Is there a way to easily code from within (La)TeX some text manipulation stuff, like "find" and "replace", so that I may automatize tedious manual labor ?

(EDIT It was mentioned in the comments by Christian Hupfer that l3regex might be a solution, covering the constraints mentioned below – although David Carlisle said "no". Which one is it ?)

There are some important constraints though:

  • The approach has to be general, i.e. only using macros won't work, because I may want to do things like replace all occurences of "=" with ">".

  • I don't want to use LuaTeX (where I have heard that this can be done easily)

  • Coding should ideally by done in the preamble. As indicate here this can be done easily via the xstring package, but that has the disadvantage that if I want to search around the whole text (which can be quite large) I have to enclose everything in a \StrSubstitute[0] which seems an ugly approach and requires me to mess with the content of my document which I'd rather leave untouched.

  • At the very least I should be able to do text replacement, but I'd hope for some more advanced capabilities, meaning to have available at least a subset of the capabilities, regarding text manipulation, of a linux scripting language like sed

Best Answer

You've stated that you "may want to do things like replace all occurrences of = with >" and also that "[c]oding should ideally by done in the preamble".

I'm going to keep my fingers crossed that you'll reconsider the decision not to use LuaLaTeX. Lua (the programming language) has a very flexible and powerful string library, and LuaTeX offers several ways to assign Lua-coded functions to various "callbacks" -- meeting your requirement that the coding should be all done in the preamble. In the following example, the function eq2gt (which, as its name suggests, replaces all instances of = with >) is assigned to the process_input_buffer callback, which operates at a very early stage of processing, viz., before TeX's "eyes" start their processing. That way, the eq2gt function can act as a pre-processor, modifying parts of the input file "on the fly" before the typesetting job itself commences.

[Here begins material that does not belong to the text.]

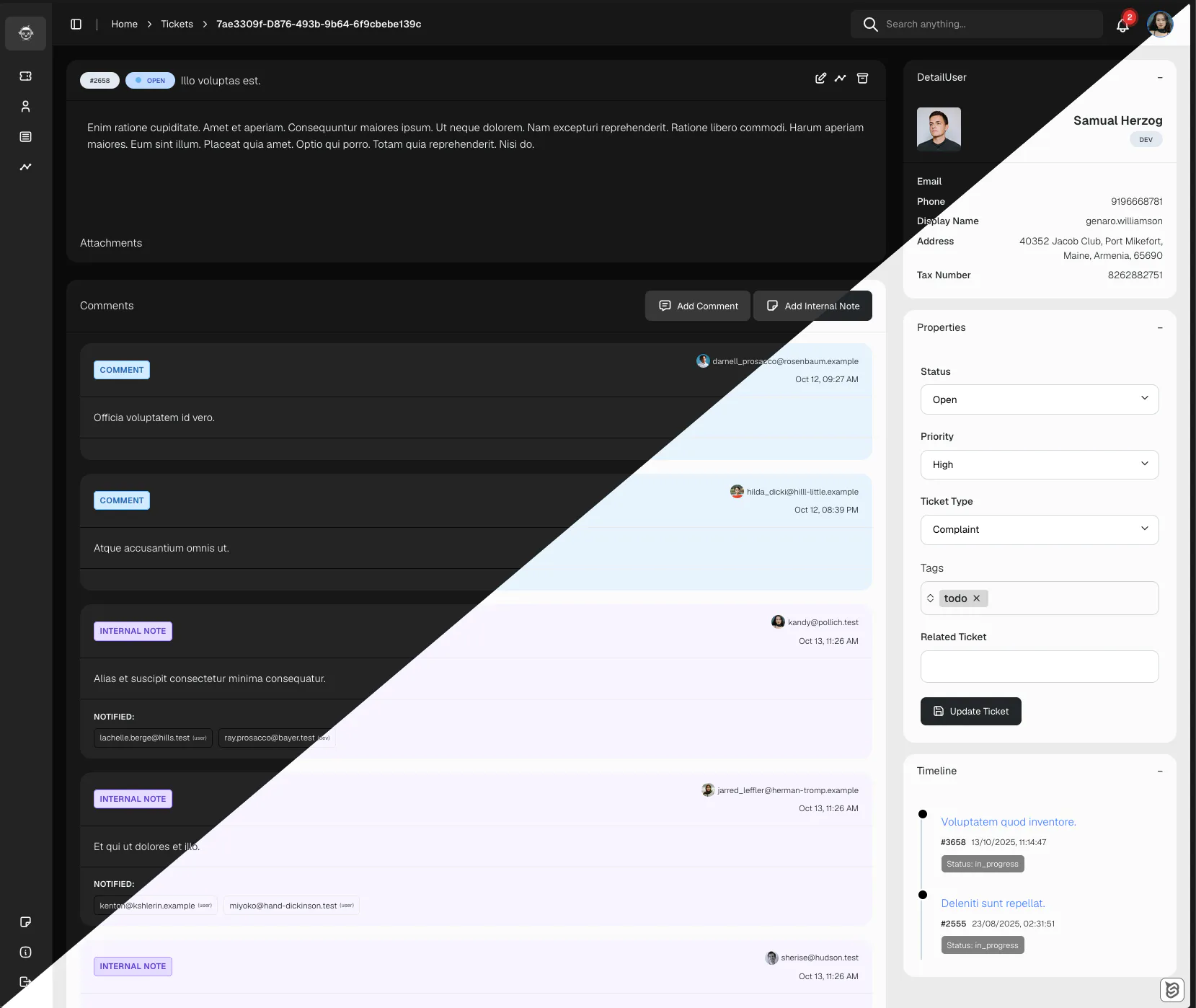 Ticket-Support is a powerful support platform designed to streamline customer service operations. Built with Rails as the backend and Svelte for a smooth, responsive user experience, it offers a range of features to help teams manage tickets efficiently: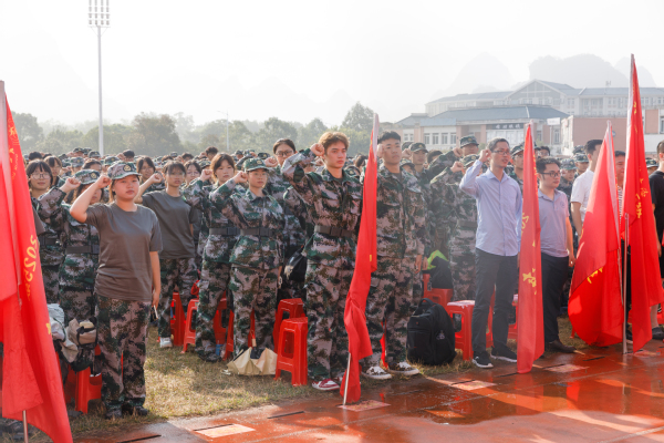 “山连着水,水连着山,我们从东西南北走过来,一个目标,一个理想......”开学典礼在全体师生齐声高唱桂电校歌中圆满礼成。

% !TEX TS-program = lualatex
\documentclass{article}

%% Lua-side code
\usepackage{luacode}
\begin{luacode}
function eq2gt ( buff )
   return ( string.gsub ( buff , "=" , ">" ) )
end
\end{luacode}

%% TeX-side code
\AtBeginDocument{\luadirect{luatexbase.add_to_callback(
   "process_input_buffer" , eq2gt , "eq2gt" )}}

\begin{document} 
\[
1+1+1=2    % not correct...
\]

$1-1-1=-2$ % not correct either...
\end{document}